There is no requirement to own an interest in land which is the subject of an option to tax. An option will cover any interest subsequently acquired. This causes problems where an opted property has been sold and any kind of interest in the property is reacquired. Any supplies of the re-acquired interest in the property will be subject to VAT, even though the 'opter' may not realise an option is still in force.

Since June 2008, if a landowner has not held an interest in a particular property for the previous six years, the option over that property is automatically treated as revoked. This should help to resolve the problem outlined above. This rule is subject to anti-avoidance provisions which apply to transactions between members of a VAT group.

Twenty years after opting to tax the property

Apart from the instances outlined above, an option to tax is irrevocable for twenty years. The first options to tax were made in August 1989. Therefore, 1 August 2009 is the first date on which options may become revocable under the twenty year rule.

The legislation introduced in June 2008 regulates revocations under this rule. It also removed the requirement for HMRC to review every case to give permission for a valid revocation.
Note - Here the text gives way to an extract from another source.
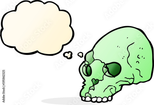 Obraz premium cartoon spooky skull with thought bubble

If twenty years have passed since a property was opted and the taxpayer no longer has any interest in the property, the taxpayer can simply notify HMRC that the option to tax is revoked. If the taxpayer still owns the property, it may still have an automatic right to revoke if all of the following conditions are met:

  • the taxpayer has held the property for twenty years and still owns it;
  • the property is not subject to the capital goods scheme;
  • the taxpayer has not made any supply of the property at below market value in the previous ten years and will not make a supply after revocation for a significantly greater value than supplies made before revocation; and
  • no prepayments have been made by the taxpayer which are attributable to the taxpayer's supplies of the building more than twelve months after the option is revoked.
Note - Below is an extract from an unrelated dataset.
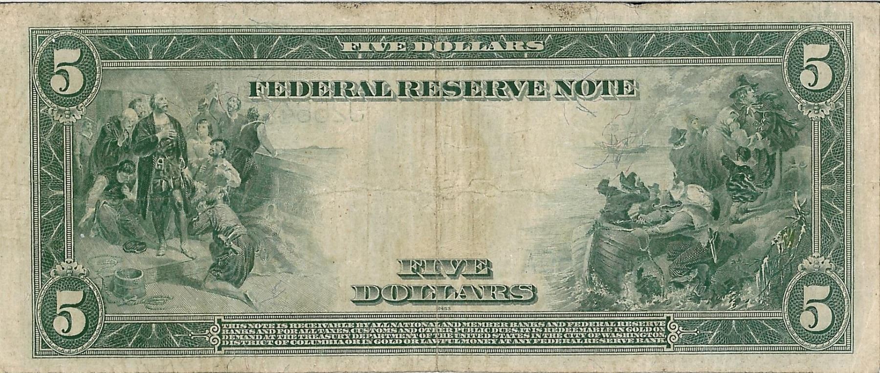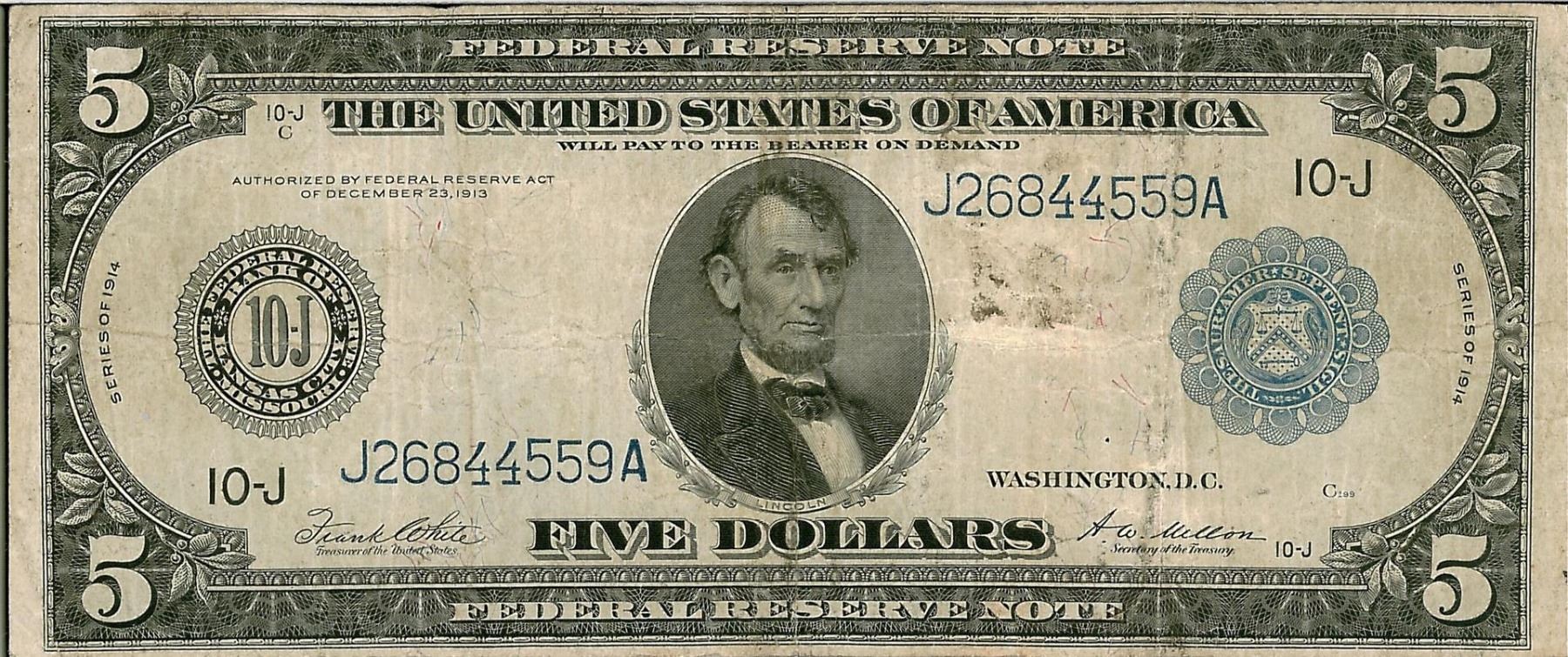 One 1914 $5 Federal Reserve Bank Note. The serial number is 26844559.

Condition 3 was included to prevent tax planning using the revocation of an option to avoid paying VAT on the true commercial value of a supply. It does not apply where increases in value of the supply relate to a normal commercial rent review.

Condition 4 was included to prevent an unfair input tax recovery position. For example, it is possible that three years' worth of services relating to a property could have been paid for just before revoking an option. If full VAT on the payment has been deducted from the landowner's output tax then there has been a 'windfall' in respect of the services supplied after revocation. If a taxpayer does not meet all of conditions 1 to 4, it cannot automatically revoke an option. However, a taxpayer can still apply to HMRC for permission to revoke. Permission may be granted if HMRC consider that neither the taxpayer nor a third party has obtained a particular VAT benefit as a result of the timing of the revocation. Essentially, the recovery of input tax in the lead up to the revocation must be fair and reasonable.


If you opted to tax a property twenty years ago, it is time to review the position to check whether it is still beneficial to maintain the current VAT treatment. Similarly, if you are the tenant of an opted property and cannot recover all of your input tax, you may wish to open discussions with your landlord. Bearing in mind the difficult market conditions, can a deal be done with a VAT exempt, or partially exempt, tenant to everybody's advantage?